Narrowly avoiding swallowing my tongue, I replied, "It's out in my car. I'll run out and get it and be right back!"
"Okay," said she,"we'll be here."
I managed a smile and turned and hurried off, looking back once to ensure she was actually still there. I retrieved my shorts from where I had left them near the lifeguard tower, and as I left the beach area, slipped them on as nudity wasn't allowed off the beach. I walked/half ran over the path leading through the thick growth of sea grapes that protected passers-by from having their eyes despoiled by the sight of nude men and women, hurried past the bathroom, ran down the stairs to the tunnel (painted an almost fluorescent pinkish purple) that went underneath the A1A highway, over the short board walk that carried you across a bit of mangrove swamp, and out onto the parking lot. I quickly found my car, flung open the trunk, and grabbed my camera. I checked to make sure my battery was sufficiently charged and charged back toward the beach, retracing my steps. As I passed the bathroom, I ignored the urge to pee as I wished to waste absolutely no time getting back to my model. I sped past the sea grapes and quickly got out of my shorts, peering ahead to see if the young lady was still there, fearing that maybe this was all a joke and she would be hiding somewhere and watching to laugh uproariously at my disappointment.
But she was still there.
As I approached, she looked up and smiled, and rose to her feet--ever so much more gracefully than I ever could have.
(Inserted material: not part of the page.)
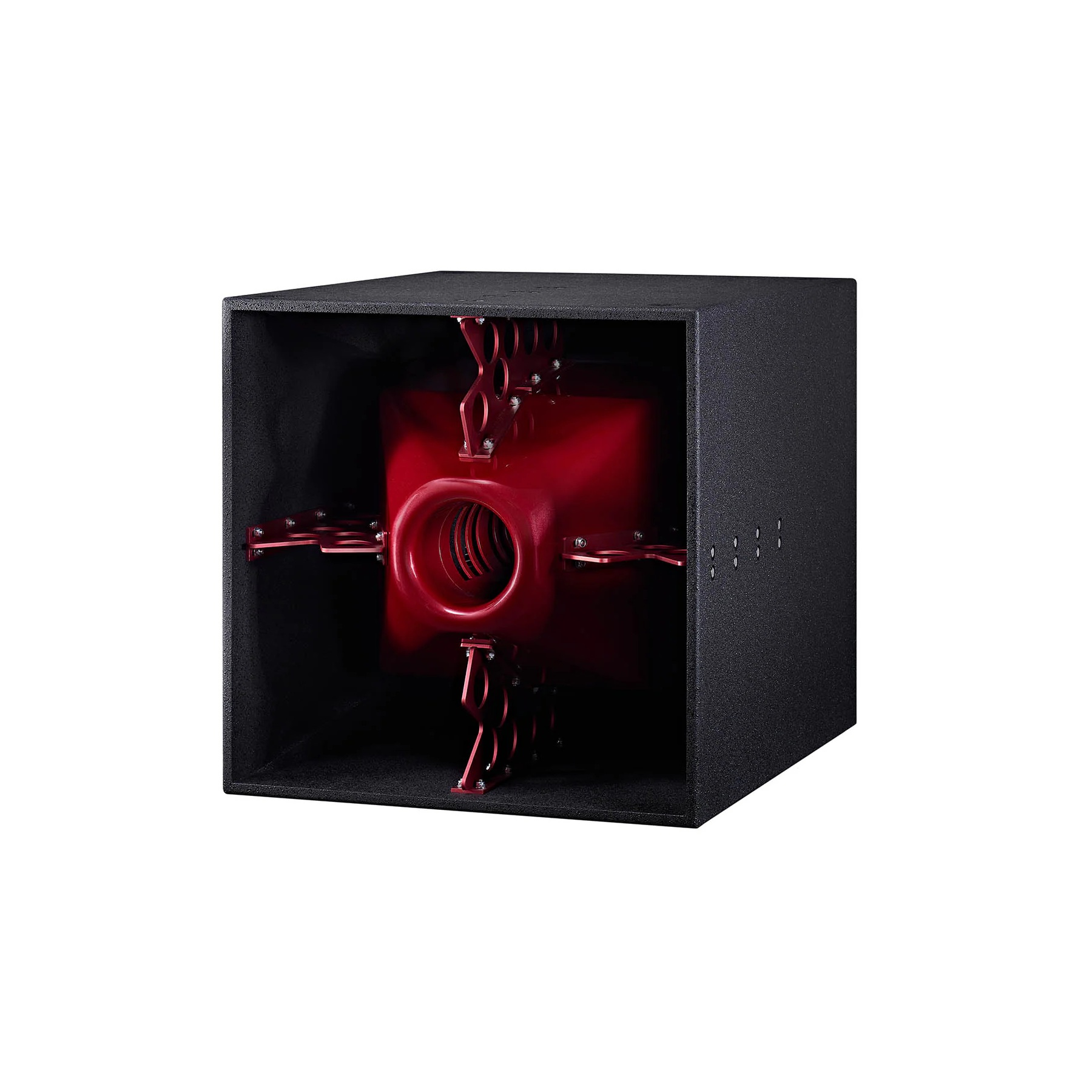 The Void Acoustics Nexus Q delivers unparalleled upper bass frequencies via its enhanced enclosure design. Four 12″ transducers use a front-loaded horn to achieve high efficiency and a rear port with a newly developed ‘pressure gradient’ arrangement.

"Okay." she pronounced--apparently a favorite word. "Now, you're not going to take any pictures of my face, right?" she asked, looking a bit concerned.
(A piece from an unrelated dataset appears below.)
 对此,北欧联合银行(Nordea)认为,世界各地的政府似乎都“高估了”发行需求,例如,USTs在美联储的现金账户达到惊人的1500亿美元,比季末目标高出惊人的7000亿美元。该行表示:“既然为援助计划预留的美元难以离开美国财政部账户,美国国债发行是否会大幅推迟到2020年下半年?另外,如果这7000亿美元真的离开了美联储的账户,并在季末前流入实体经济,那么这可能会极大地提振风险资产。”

"Um, well, not if you don't want me to."
"Yes, I'd rather you not." She smiled slightly, and then turned and walked back toward the ocean. I followed, puppy like, in her wake. She stopped where the waves would just wash over her feet, and turned and asked, "Here?"
"That's great" I replied.
She then turned back to face the ocean and I backed away, having in my mind to take pictures with her beautiful body small against the backdrop of the huge sea and sky.
She began her posing, and I began my picture taking. Yes, I was disappointed that I was not going to be allowed to photograph her adorable face. That restriction would handcuff me considerably. Yet that disappointment was lost in the glare of what I COULD photograph. If I had had more time, I could have discovered many creative ways to capture her image frontally but still respecting her wishes, but free modeling doesn't last forever.
Several minutes into the session, she did something for which I am forever grateful. She undid her hair. So mesmerized was I with what she was presenting, it quite possibly never would have occurred to me to ask her to do this. But do it she did, letting down her luscious locks which fell more than halfway to her waist. After several more minutes, she turned to me questioningly, and I approached her with a couple of requests for further poses--one of which allowed me to capture a few images of a breast, and even a sliver of her face.
A few more minutes, and she was finished. Alas.
So enamored of her modeling potential, I offered to pay her for her further services. But unfortunately, she was not interested.
And so ended, 10 minutes after it started, my first session with a semi-nude model. It's hard to imagine me ever having a finer one--but hope lives eternal.